Personal information
- Born: Chantal Marie Agnès Mauduit March 24, 1964 Paris, France
- Died: May 13, 1998 (aged 34) Dhaulagiri, Nepal
- Occupations: alpinist; mountaineer;
- Years active: 1964-1998

Climbing career
- Type of climber: Alpine climbing; Eight thousander;

= Chantal Mauduit =

French mountaineer (1964–1998)

Chantal Mauduit (24 March 1964 - 13 May 1998) was a French alpinist.

==Biography==
Born in Paris, when Mauduit was five she moved with her family to Chambéry, so that her engineer father could take up a position at the plant Saint-Gobain. Mauduit was a second cousin of the alpine skier Georges Mauduit.

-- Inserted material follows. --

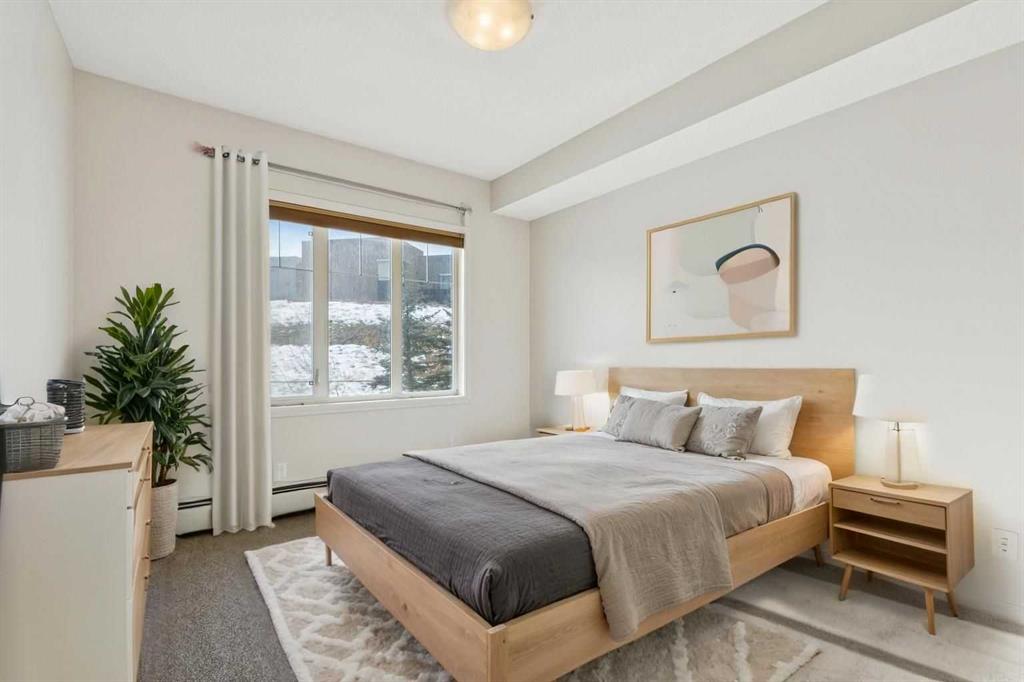 Filled with lots of natural light, while being modern & highly functional, this spacious & thoughtfully designed 2nd floor, 838 sq ft, 2 bdrm+2 full bath unit within the lovely Treo complex located in the popular community of Sherwood is sure to impress. The open concept layout emphasizes great flow & max privacy by placing the 2 well sized bedrooms at opposite ends while the main living area is the focal point in the middle. The inviting kitchen is well equipped with plenty of expresso shaker style cabinetry, full-size sleek black appliances (including brand new dishwasher & microwave hoodfan), & granite countertops. Nearby, the separate generous living & dining areas provides plenty of room to entertain while the covered balcony offers a nice vantage point that looks down on the greenspace behind the complex (and away from the other units). Feel comfortable having taller 9’ tall ceilings complimented by plenty of natural light from the sunny SW exposure. When you are ready to wind down, the well sized master bedroom will pamper you with a walkthrough closet & a 4 piece ensuite bathroom, while the 2nd bedroom, extra 4-piece bathroom, insuite laundry/storage room complete the package. Important features include; brand new carpet & upgraded underlay, fresh painted throughout, titled underground parking (with storage cage in front), & all blinds already done. Beyond the unit, enjoy the short walk to the many shops & amenities that Beacon Hill shopping centre has to offer (including Costco, Cdn Tire, Home Depot & much more!) while being down the street from a large green space/playground & the walking paths that the community has to offer. Additionally, more conveniences can be had with multiple shopping complexes (Sage Hill Crossing, Creekside, & along Sarcee Tr) & Inland Athletic Park being a short drive away. Quick access to Stoney Tr, Shaganappi Tr, & Sarcee Tr ensures this is a great location. With so much to offer inside & out, come view this amazing property today!
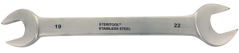 Dobbelt gaffelnøgle i rustfrit stål (400 SS serien). Vinklet 15° og hærdet til 48 HRC. Længde: 133 mm.

Mauduit started climbing at the age of 15 in the French Alps. After ascending several difficult alpine climbing routes in the Alps, she focused her attention on the Andes, and then the Himalayas, where she climbed K2 (1992; fourth woman overall), Shisha Pangma (1993), Cho Oyu (1993), Lhotse (1996; claimed first woman solo, with no proof she reached the summit), Manaslu (1996), and Gasherbrum II (1997), all without supplemental oxygen.

Mauduit needed to be rescued by Ed Viesturs and Scott Fischer on descent from K2 in 1992, Viesturs and Fischer gave up their own summit attempt of K2 at the time in order to get Mauduit, who had become snow blind, to safety.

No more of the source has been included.